LanzaTech’s process involves biological conversion of carbon to products through gas fermentation. How does your technology work?
While traditional fermentation uses sugars and yeast to make alcohol, LanzaTech uses anaerobic bacteria (originally found in rabbit droppings) to ferment waste emissions from industry and other sectors to make fuels and chemicals. With the first commercial gas fermentation facility coming online in China in early 2018, the advances our team has made in optimizing the bacteria, has enabled us to both demonstrate the production of a wide array of chemicals but also to scale up the production of a number of these including acetone and isopropanol (used to make solvents, resins and personal care products) to the pilot scale. We think of the bacteria as the software and the fermenter at the industrial site as the hardware. Today, LanzaTech provides the bacteria to make ethanol but, in the future, if you want to make something else, you can upgrade or switch out the bacteria. It’s like upgrading software. You can choose what you want depending on the market. All without having to invest in a new production facility or plan years ahead. This is a carbon smart future!
LanzaTech has a partnership with ArcelorMittal to build the first plant in Europe to use the waste gases from steelmaking to produce ethanol on a commercial basis. You said this fuel generates 84% fewer greenhouse gas emissions than fossil fuels, and the plant will produce enough every year to run half a million cars. What is the state of the art of this partnership?

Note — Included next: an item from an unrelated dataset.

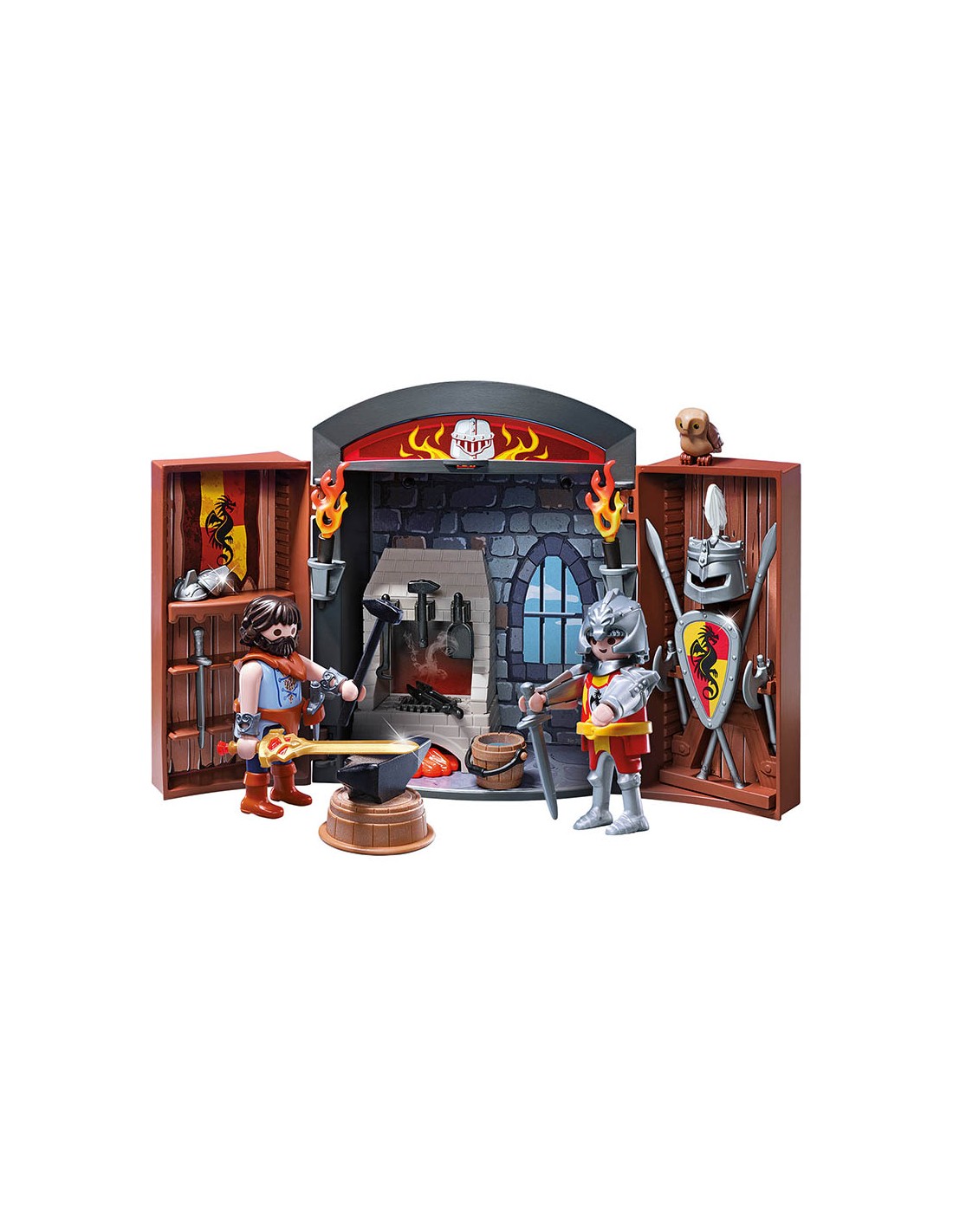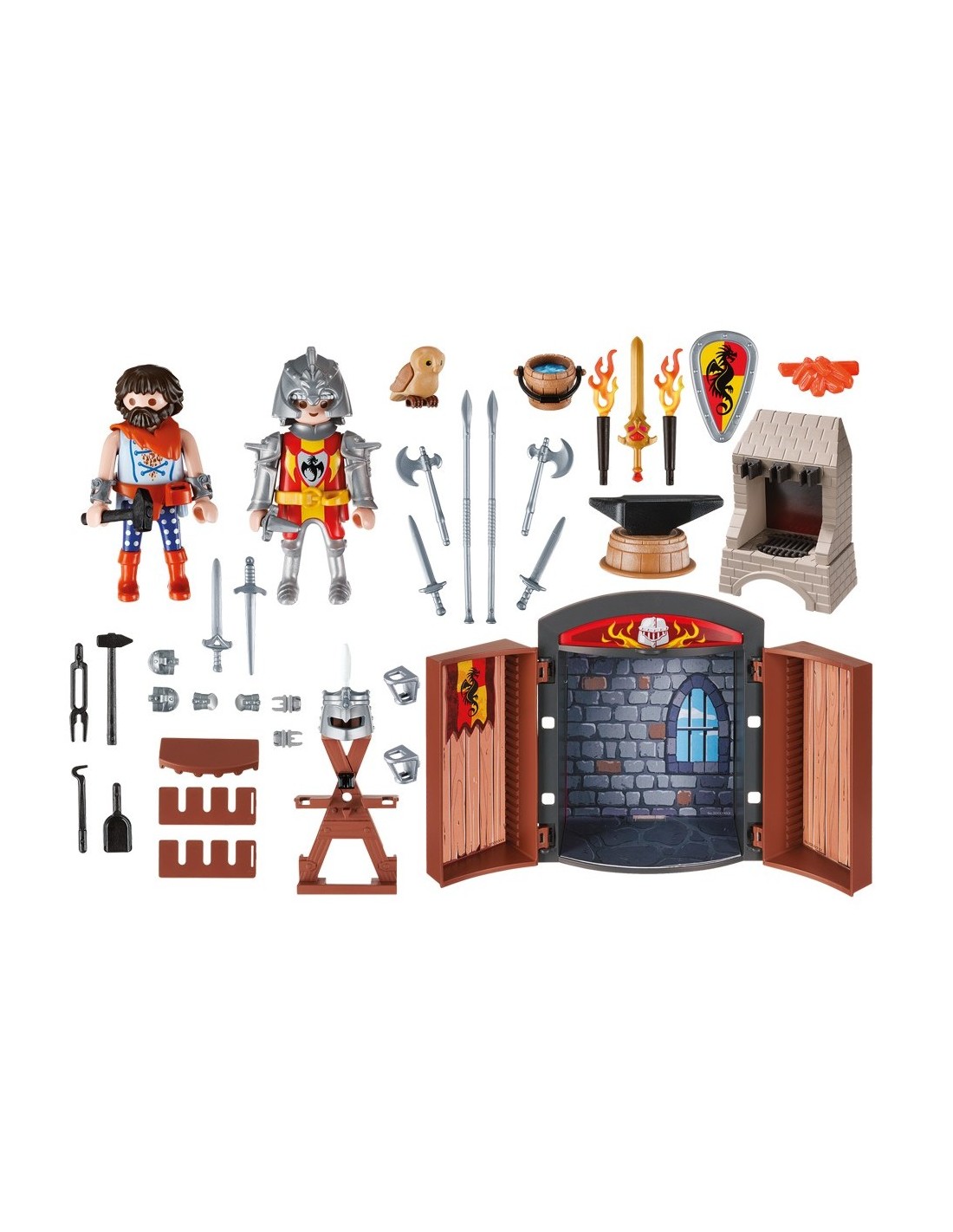 Pequeño maletín transformable en una forja una vez abierto. Con 2 figuras, la forja y muchos complementos. A partir de 4 años.

Our facility in Belgium with ArcelorMittal is currently being constructed and looks set to be operational in 2019.
What are your next goals?
Getting our first commercial facility running is a big goal for 2018! Our first commercial facility will be operating in China this year, showing the conversion of waste steel mill emissions to ethanol at commercial scale.
We also want to see a Carbon Smart Future take off. We see this concept beginning to resonate with end users, who see a future where there is a choice in where your carbon comes from. Much like selecting organic or fairtrade produce when shopping, you should be able to choose “carbon smart” products across the supply chain. An example would be in using recycled carbon to make not only ethanol, but converting this ethanol to ethylene for use in polyethylene applications for consumer goods. Our goal is that this becomes a consideration for procurement teams across the supply chain and that consumers start to question where their carbon comes from!